Silêncio. O tique-taque do relógio na parede de repente se tornou uma sinfonia.
– VOCÊ FICOU LOUCO?! – gritou Maria, como se alguém tivesse colocado balas de açúcar efervescente no seu café.
– Não é amor, mãe. É… um tipo de salvação.
Klára, coitada, quase deixou cair a xícara de chá.
– Ela… tem setenta e um anos, Dani!
– Eu sei. Mas ela é a primeira pessoa que realmente vê o ser humano em mim.
Maria apenas apertou a mão do filho.
– Seja qual for sua decisão, estaremos ao seu lado. Sempre.
A capela de Buda era apertada, mas acolhedora. Não havia pombos nem violinistas ciganos. Apenas alguns convidados, alguns dos quais ainda procuravam câmeras escondidas no canto.
– «Você promete que…» – começou o padre, mas parou ao ver os olhos de Dániel e da senhora se encontrarem.
– Sim – disse Dániel, com uma voz firme.
Erzsébet apenas sorriu. Ela colocou um anel no dedo de Dani, um que qualquer museu ficaria feliz em exibir.
No dia seguinte, nas manchetes:
“AMOR? OU CÁLCULO? – O casamento improvável entre um estudante de Direito e a viúva de Buda”
A tranquilidade da vila em Buda era desconcertante. Os cafés da manhã chegavam em bandejas de prata, e até a geleia parecia ter um tom dourado.
– Quer café, Dani? – perguntou Erzsébet.
– Uma cubo de açúcar está bom…
– Aqui você recebe tudo em dobro – riu ela –, menos as regras. Essas, eu dou em triplo!
Szabó Gábor, o distante sobrinho, entrou um dia, como se tivesse perdido o último pedaço de bolo.
– Isso é ridículo!

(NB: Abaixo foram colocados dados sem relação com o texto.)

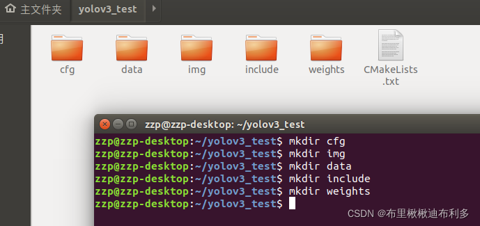下图中,可以看到存在darknet、libdarknet.so两个文件(网上有很多darknet资源)?2.2 在终端创建一个新文件夹yolov3_test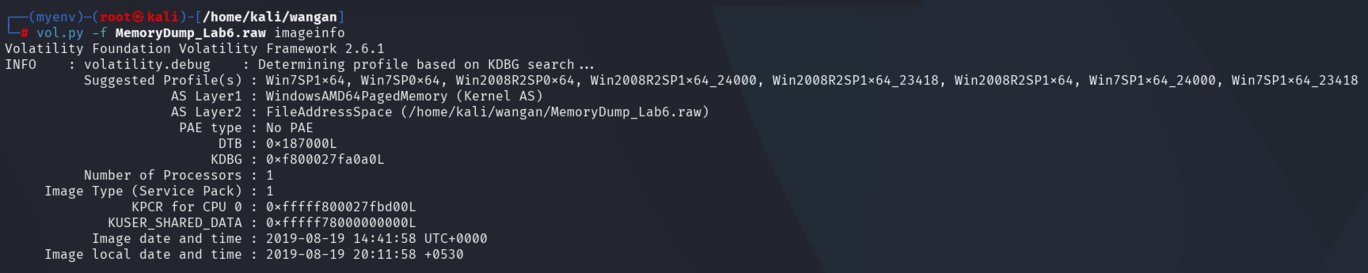 vol.py -f MemoryDump_Lab6.raw imageinfo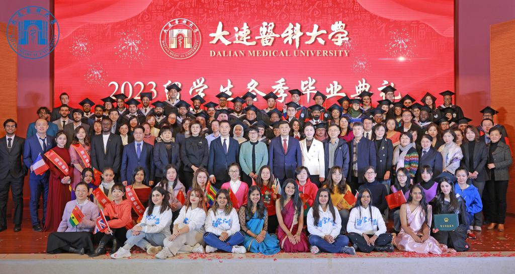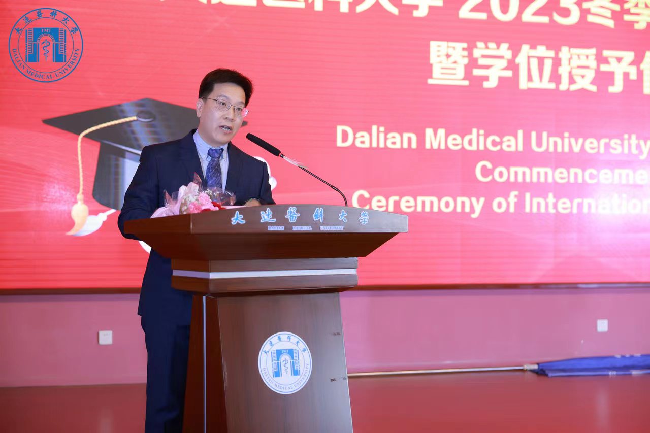 对来自21个国家的67名国际学生顺利完成学业表示热烈祝贺并表达了殷切期望:“明仁、济世”,践行医者仁心的光荣使命;“甚解、敏行”,提升妙手丹心的精湛技艺;“开放、交流”,推动构建人类命运共同体。随后,卢苇宣读《2023届冬季国际学生学位授予决定》,校长赵杰分别为博士研究生、硕士研究生、本科毕业生拨穗并颁发毕业证书。

Esse garoto está só se aproveitando de você!
Dániel tentou se manter calmo.
– Eu não quero nada. Só quero que ela seja feliz.

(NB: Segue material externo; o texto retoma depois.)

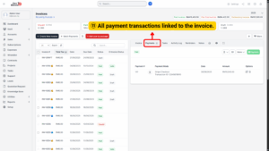 f) Payments – Shows all payments linked to the invoice, including payment method, date, and amount. This ensures that you can monitor whether an invoice is fully settled, partially paid, or still pending.

Erzsébet então puxou uma pasta de documentos.
– Aqui está meu testamento: a fortuna vai para uma fundação. Dani não herda nada.

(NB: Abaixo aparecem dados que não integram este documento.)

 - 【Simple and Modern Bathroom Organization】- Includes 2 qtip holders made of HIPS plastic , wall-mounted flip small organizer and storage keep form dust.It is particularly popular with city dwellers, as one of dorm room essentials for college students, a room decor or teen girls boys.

O rosto de Gábor caiu, como uma cortina de teatro após a última cena.
O estado de saúde de Erzsébet foi piorando aos poucos. Uma noite, quando toda a família estava reunida, ela entregou uma carta a Dániel.
– Abra só se sentir perdido.
Erzsébet faleceu algumas semanas depois – silenciosamente, como se apenas tivesse ido para outro quarto.
Após o funeral, Dániel abriu a carta. Dentro estava uma carta e uma chave antiga.
“Querido Dani,
Se você está lendo isso, já não estou mais aqui. Mas deixei algo para você que talvez seja mais valioso que qualquer conta bancária: esperança.
A chave abre a porta de uma pequena casa nas montanhas Mátra. Comece lá uma nova vida. Onde não é o dinheiro que manda, mas o coração.
– Erzsébet”
Dániel fechou a chave nas palmas das mãos, com os olhos cheios de lágrimas.
Isso não era uma herança – era um passaporte para uma vida mais pura. Um lugar onde poderiam reescrever seus destinos. Três. Juntos.